Tremesana Walk

Lanzarote Walk – Tremesana Route

We have already mentioned the two free guided walks that you can take in Lanzarote through the protected Timanfaya National Park, last week I went on the smaller 3km tour known as the Tremesana Route – a Timanfaya walk in the protected volcanic region.

These walks have to be booked in advance through the website Red de Parques Nacionales and are available with an English speaking guide. A maximum group of 8 people meet at the Timanfaya Visitors Centre before jumping aboard a minibus to the start of the walk. As well as the English speaking tour, there was also a Spanish speaking one, we both set off at the same time but to two different starting points.

Timanfaya Walk
Timanfaya walk

Our guide for the trek was Carlos who drove us to Yaiza before turning off on a dirt track road with a locked barrier to restrict access to authorised personnel only. We disembarked from the minibus, Carlos pointed out the rules we should adhere to during the walk such as keeping to the marked path, not to leave any rubbish behind etc. After a short introduction to ourselves we set off, our group included four English speaking Germans and four Brits.

The Tremesana Route explores the Southern area of the 1730 – 1736 eruption in Lanzarote, we walked along a picón path to the side of Montaña Tremesana, this volcano is known as a kipuka, as it is older than the surrounding lava flow from the 18th century eruption. On the slopes we could see fig trees that have been cultivated, Carlos explained that after the eruption residents searched for old fertile land that had survived the eruption so they could plant crops and trees. Although the tradition in this area has declined there are still some families with special permission to enter the park to collect the figs from these trees each year.

The path turned away from Tremesana and led us towards Montaña Rajada which is known as the Cracked Mountain, here lava flowed from the base forming a hard surface, it was a bit disconcerting when Carlos jumped down hard and you could feel the ground move, we were standing over a lava tube. There was a lava rock construction just off the path in this area, Carlos asked for suggestions as to what it was but we didn’t guess correctly – this black raised circle of lava rock is used to dry figs on!  The freshly picked fruit would be laid on the small porous rocks to dry for use later in the year.

To our right we could see an expanse of lava flow with a myriad of tunnels, the roof had fallen in creating a jameo in one section. The park has a wildlife including hedgehogs, rabbits, lizards and birds. Our guide explained that the rabbits live in the lava flow venturing out in the early morning to drink the dew from the leaves of plants before it is evaporated as the temperature rises in the day.

The colours in Montaña Encantada were beautiful, no wonder this is called the Enchanted Mountain. We crossed paths with the other group at this point, our guides exchanging keys so we returned in the bus parked at either end of the walk.

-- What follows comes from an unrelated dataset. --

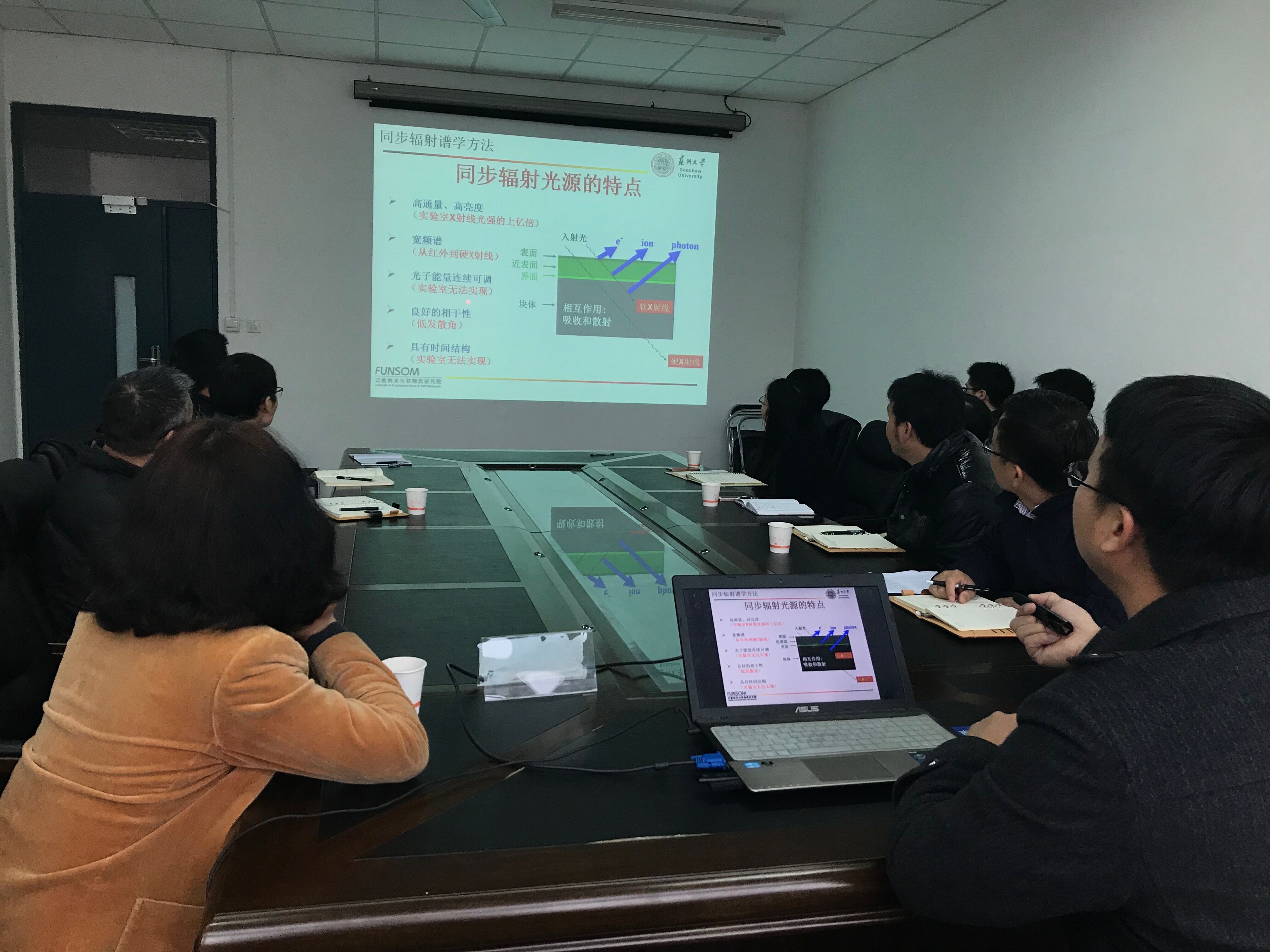 2017年12月14日上午10点,苏州大学钟俊教授在材料科学楼402做了一场题为“纳米能源材料的同步辐射谱学研究”的学术报告。学院詹红兵院长、张腾副院长和十余位中青年教师参见了此次报告,报告由学院程年才教授主持。

There was a very flat area of lava which is referred to as the lava lake, here the lava flowed into a hollow from a previous corona forming a lake which then solidified.

We had encountered all different types of lava flow along our walk, from malpais or bad land as the locals call it which is very rough lava flow and difficult terrain to cross, beautiful swirling lava flow where you can imagine it rippling past and the crunchy volcanic ash we know as picón – those small black stones that get in your shoes! We were invited down into a lava tunnel by Carlos, here there was relief from the heat of the sun and respite from the wind, these tunnels have a lovely ambient temperature of 18-20 degrees, it’s no surprise that the Guanches made their home in them.

There was a lot of interesting information given during the walk, for example did you know that Lanzarote was originally two islands? The first massive to form was Los Ajaches around 15 million years ago, followed by the Risco de Famara, the remainder of the island was formed by smaller eruptions connecting the two. No wonder Lanzarote is known as the Isla de los Volcanes there are 110 of them!

This walk is suitable for all levels, children from the age of 16 are welcome as long as accompanied by a parent. You can book online, free of charge by using the link above. Please arrive 15 minutes before the start time with your confirmation and identification or your place will be reallocated to anyone waiting.